The use of EGFR TKIs in patients with EGFR wildtype tumours is controversial given the modest and somewhat inconsistent results from randomized trials. For instance, a biomarker analysis in BR.21 demonstrated that there was no OS benefit for erlotinib compared to placebo in patients with EGFR wildtype tumours [27]. For clarification of this topic, two recent meta analyses investigated the efficacy of EGFR TKIs versus chemotherapy in advanced EGFR-wildtype NSCLC [34,35]. These meta analyses came to the same conclusion: in patients with wildtype EGFR, PFS was inferior with the use of EGFR TKIs as compared to chemotherapy. However, OS was similar between the two treatment strategies, and thus the inferior PFS did not translate into inferior OS.

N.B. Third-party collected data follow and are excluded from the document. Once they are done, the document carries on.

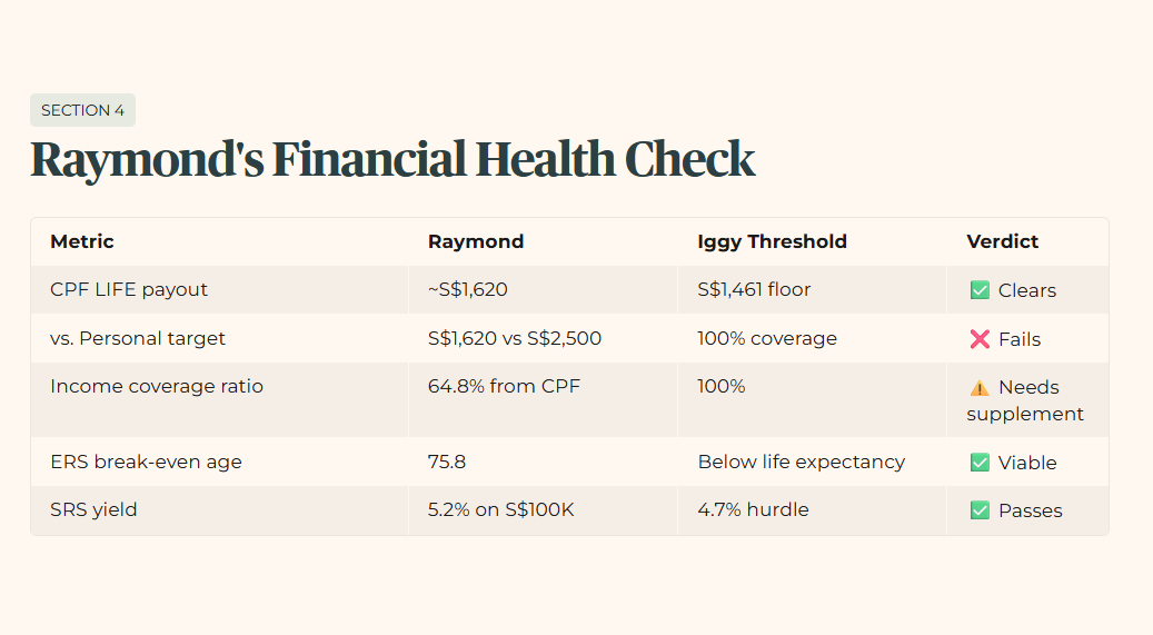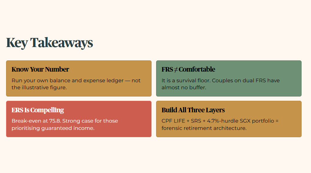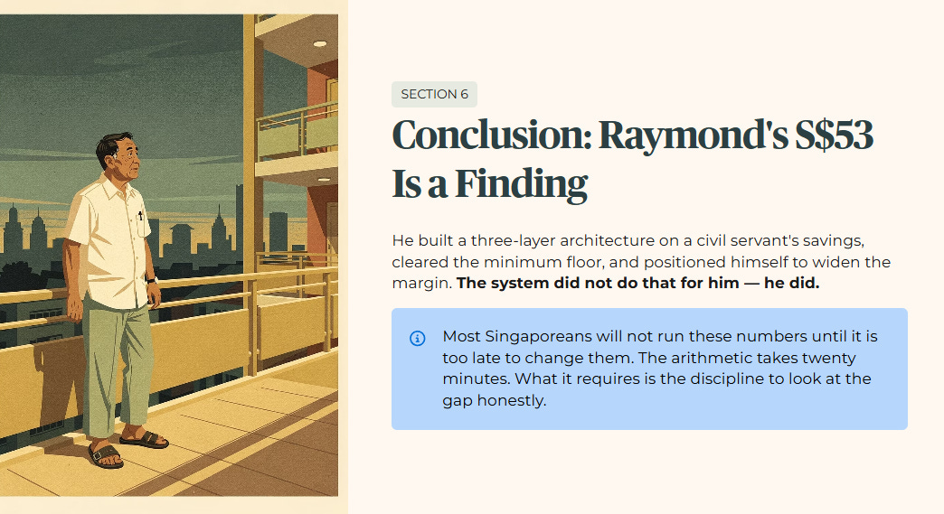 Raymond’s S$53 monthly surplus is not a failure. It is a forensic finding. He has built a three-layer retirement architecture on a civil servant’s savings, cleared the minimum floor, and positioned himself to widen the margin over the next seven years. The system did not do that for him, he did.
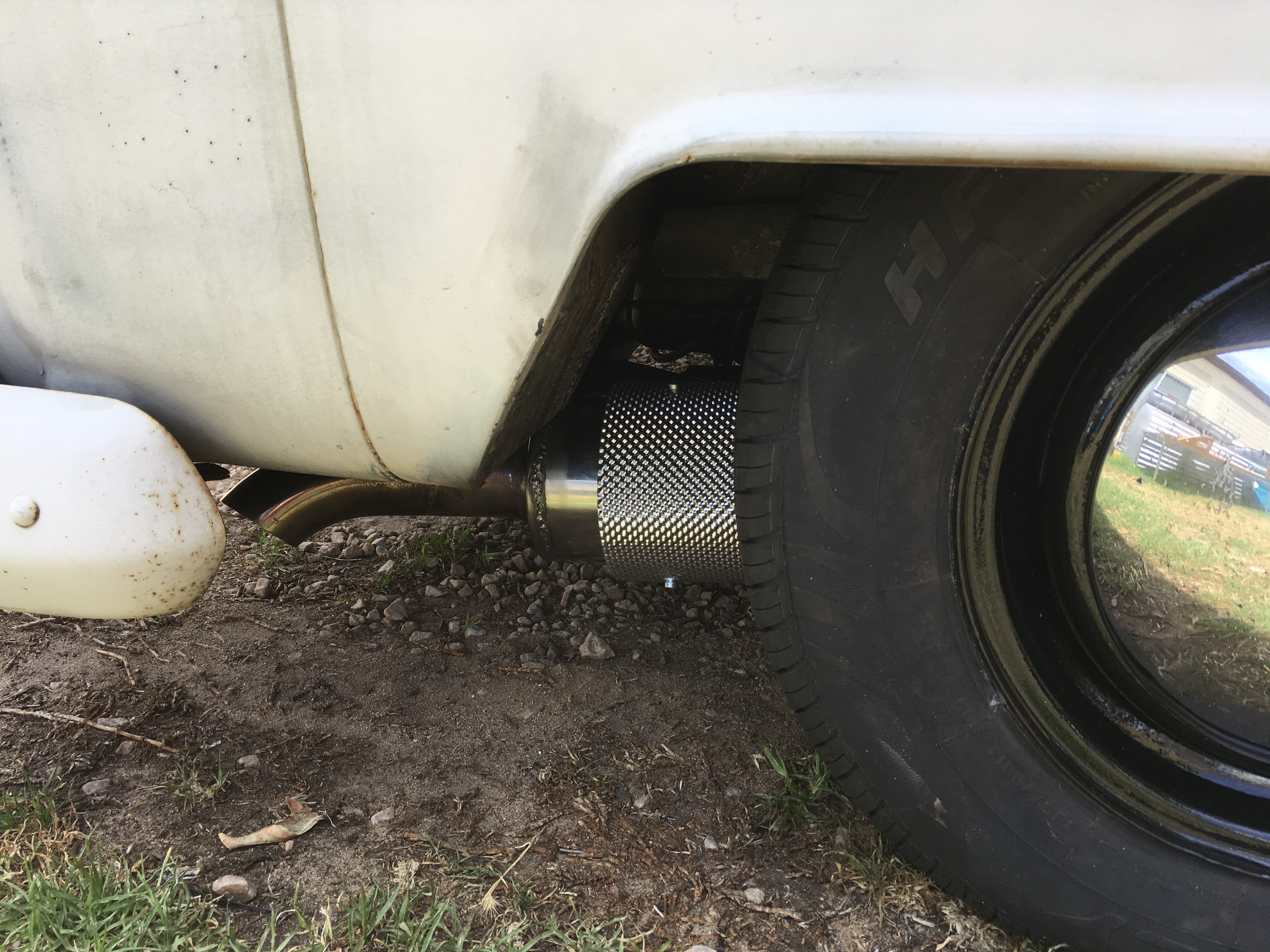 I made up a heat shield as the sidewinder style exhaust was too close to the tyre, which resulted in a cooked tyre.
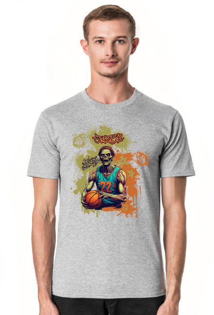 Ta dynamiczna grafika oddaje istotę koszykówki ulicznej dzięki żywej ilustracji gracza zombie w akcji. Na tle graffiti i motywów miejskich, centralna postać emanuje chłodną pewnością siebie. Gracz, ubrany w koszulkę z numerem 72, trzyma piłkę do koszykówki, chwilę koncentracji przed meczem. Odważne pomarańczowe odcienie piłki uderzająco kontrastują z ziemistymi tonami i plamami, które nadają temu dziełu ostry, uliczny styl. Subtelne elementy Halloween, takie jak niesamowite cienie i odrobina upiornej atmosfery, dodają wyjątkowego charakteru tej miejskiej scenie.
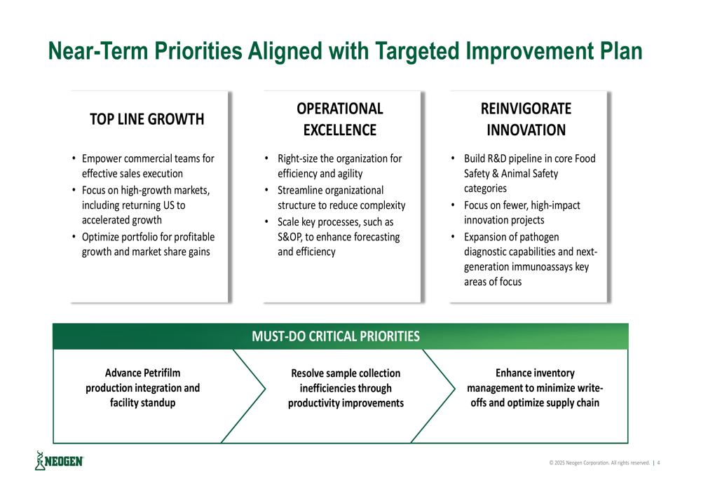 Neogen outlined a comprehensive set of near-term priorities aimed at addressing its execution challenges and improving financial performance. The company has implemented a cost-reduction initiative expected to deliver approximately $20 million in annualized savings.
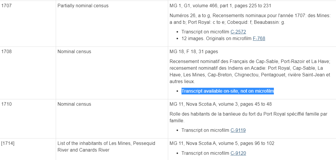 bac-lac.gc.ca/eng/census/Pag… -- this government site which provides a link to every other census other than the French - Mi'kmaw Census of Cap Sable, le Have .. 🤔"Transcript available on-site, not on microfilm" -- Weird Gov of Canada. 😠
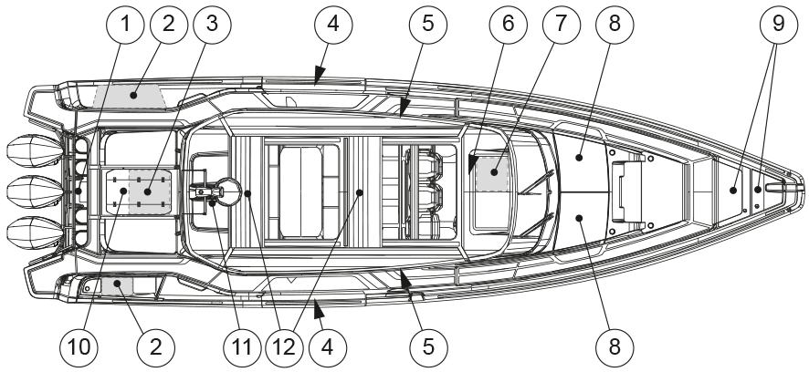 Le schéma indique les trappes qui doivent être maintenues fermées pendant la navigation ou lorsque le bateau est laissé sans surveillance.

Therefore, despite the low response rates and modest survival benefits seen with EGFR TKIs in patients with wildtype EGFR, they remain a viable treatment option which generally results in disease stabilization for some patients. Unfortunately, there are no biomarkers to direct treatment choice in these unselected patients. Thus, erlotinib (with any NSCLC histology) or afatinib (for squamous cell carcinoma) represent treatment options for those who are not candidates for further cytotoxic chemotherapy.

Combination therapy

Recently, the addition of antiangiogenic agents to second line docetaxel in phase III trials has resulted in modestly improved survival outcomes. Nintedanib, an oral angiokinase inhibitor, was added to docetaxel and compared to docetaxel alone in the second line treatment setting in LUME-Lung 1 [36]. Results from the study revealed that in the entire study population, PFS was improved (3.4 vs. 2.7 months, p = 0.0019) with the addition of nintedanib, though OS was not (10.1 vs. 9.1 months, p = 0.2720). However, upon subgroup analysis, patients treated with nintedanib who had adenocarcinoma histology experienced improved OS (12.6 vs. 10.3 months, p = 0.036), particularly if they had experienced progressive disease within nine months after start of first line chemotherapy. Toxicity was manageable, with increased rates of diarrhea, nausea/vomiting, and liver enzyme elevation. The incidence of antiangiogenic agent class adverse events (such as hypertension, bleeding, perforation, and thromboembolism) was not increased with nintedanib. In the REVEL trial [37], ramucirumab, an anti-VEGFR-2 monoclonal antibody, was investigated in combination with docetaxel in the second line setting. As compared to docetaxel plus placebo, docetaxel with ramucirumab resulted in significantly increased PFS (4.5 vs. 3.0 months, p < 0.0001) and OS (10.5 vs. 9.1 months, p = 0.023). The survival benefit was seen across subgroups and histologies. There was an increased rate of grades 1-2 bleeding, as well as neutropenia and febrile neutropenia in the ramucirumab group. Based on these results, nintedanib has been approved in the EU and ramucirumab has been approved by the FDA in the United States for use in patients with advanced adenocarcinoma of the lung after first line chemotherapy.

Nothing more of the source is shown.